Putin’e muhalif Aleksy Navalny zehirlendikten sonra Almanya’nın başkenti Berlin’de tedavi gördü. Daha sonra 17 Ağustos 2021’de başkent Moskova’ya dönüşünde havaalanında tutuklanmıştı.
Putin önce Yevgeny Prigozhin’i ortadan kaldırdı sonra batı yanlısı Navalny’i. Ne tesadüftür ki Putin bu ölümün kendisi için sorun olacağını düşünmüyor. Tesadüflere her zaman inanılan Rusya’da 17 Mart 2024 tarihinde devlet başkanını belirlemek için yapılacak seçim öncesi önemli bir muhalif lider öldürüldü.
Bütün muhaliflere seçimde başarılar diliyorum. Kremlin karar alırken asla duygusallığa yer vermez. Açık ara bir gerçektir ki Putin pragmatist bir liderdir.
Tekrar söylemekte fayda vardır, Navalny eceliyle ölmedi, öldürüldü, yok edildi, ortadan kaldırıldı. Putin önüne çıkan bütün engelleri yok ederek ilerleyen bir liderdir. Tarihe tanıklık ettiğimiz bir dönemde daha neler yaşayacağız ve neler göreceğiz kim bilir.

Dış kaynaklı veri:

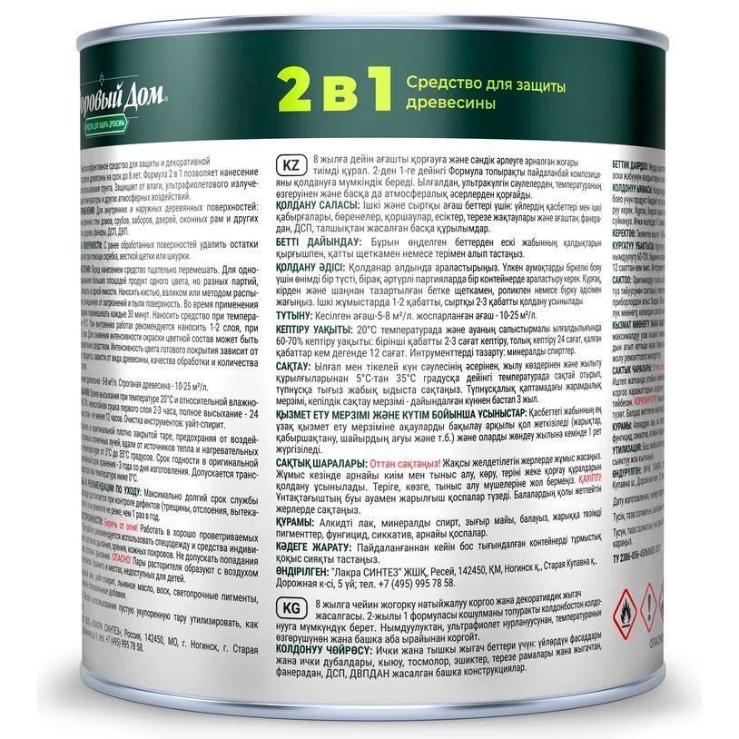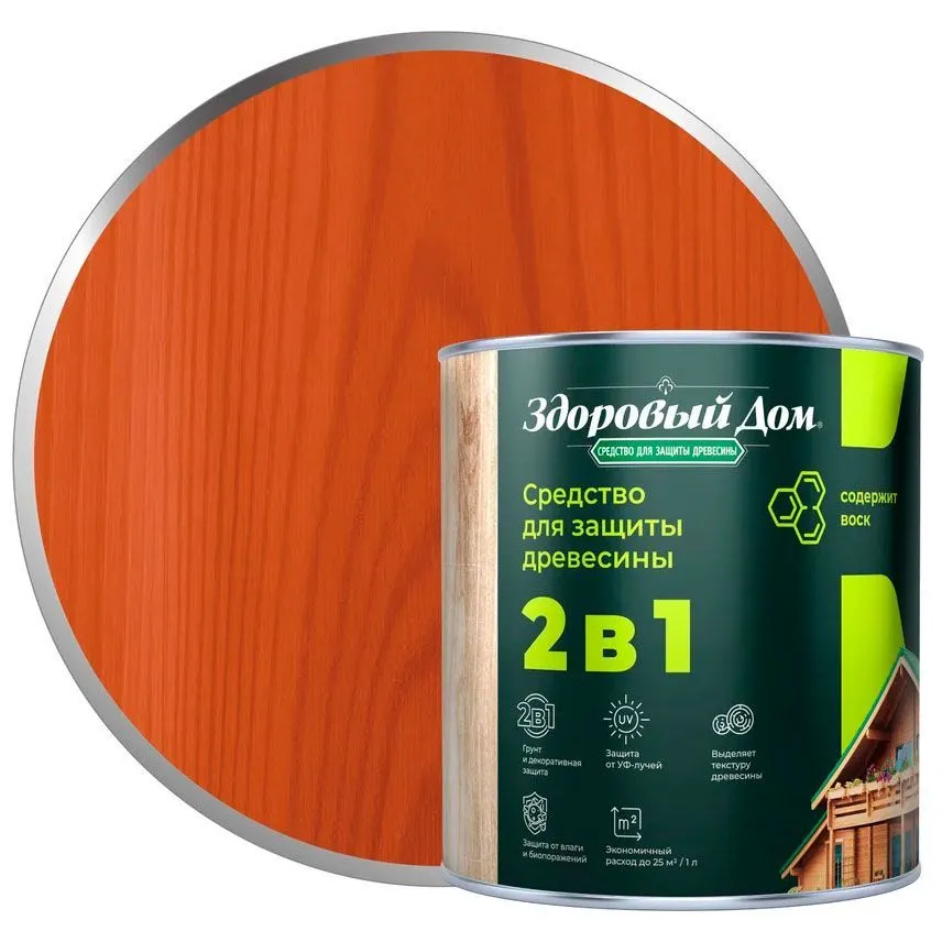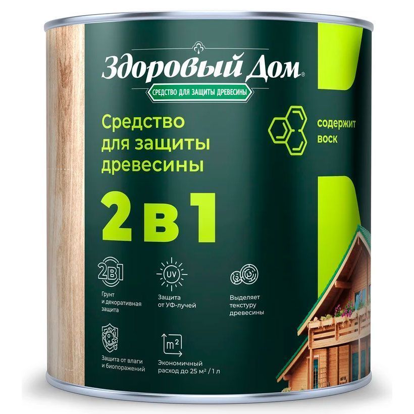 Состав деревозащитный Здоровый дом алкидный. Высокоэффективное средство для защитно-декоративной отделки древесины. Образует полупрозрачное полуматовое покрытие, стойкое к влаге, УФ-излучению, перепадам температуры и другим атмосферным воздействиям.

Şunu da belirtmeliyim ki bu savaş Ukrayna-Rusya savaşı değildir. Bu savaş NATO-Rusya savaşıdır. Ve Rusya açısından bir var olma savaşıdır.
Rusya-Ukrayna savaşı devam ettiği bu dönemde yeni gelişmeleri aklın, tarihin savaş biliminin ve gerçekliğin ışığında aktarmaya devam edeceğim.